**Records supplied**.
***

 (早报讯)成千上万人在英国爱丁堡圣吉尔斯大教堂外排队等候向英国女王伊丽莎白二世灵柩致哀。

***

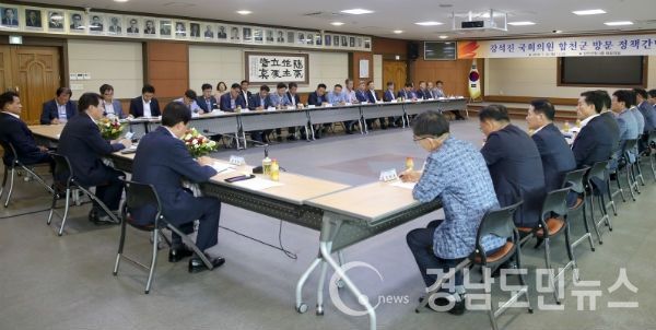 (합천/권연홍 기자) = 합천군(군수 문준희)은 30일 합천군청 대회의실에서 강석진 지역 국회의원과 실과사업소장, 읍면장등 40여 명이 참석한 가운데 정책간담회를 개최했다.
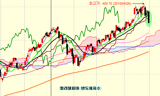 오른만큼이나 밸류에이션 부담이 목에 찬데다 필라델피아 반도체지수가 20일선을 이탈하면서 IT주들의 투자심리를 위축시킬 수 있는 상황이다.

***

**Problem statement**. Give back the exact lines above, running from the one that has "(합천/권연홍 기자) = 합천군(군수" through the one that has "오른만큼이나 밸류에이션 부담이", with nothing added and no pictures.

**Task solution**.
 (합천/권연홍 기자) = 합천군(군수 문준희)은 30일 합천군청 대회의실에서 강석진 지역 국회의원과 실과사업소장, 읍면장등 40여 명이 참석한 가운데 정책간담회를 개최했다.
 오른만큼이나 밸류에이션 부담이 목에 찬데다 필라델피아 반도체지수가 20일선을 이탈하면서 IT주들의 투자심리를 위축시킬 수 있는 상황이다.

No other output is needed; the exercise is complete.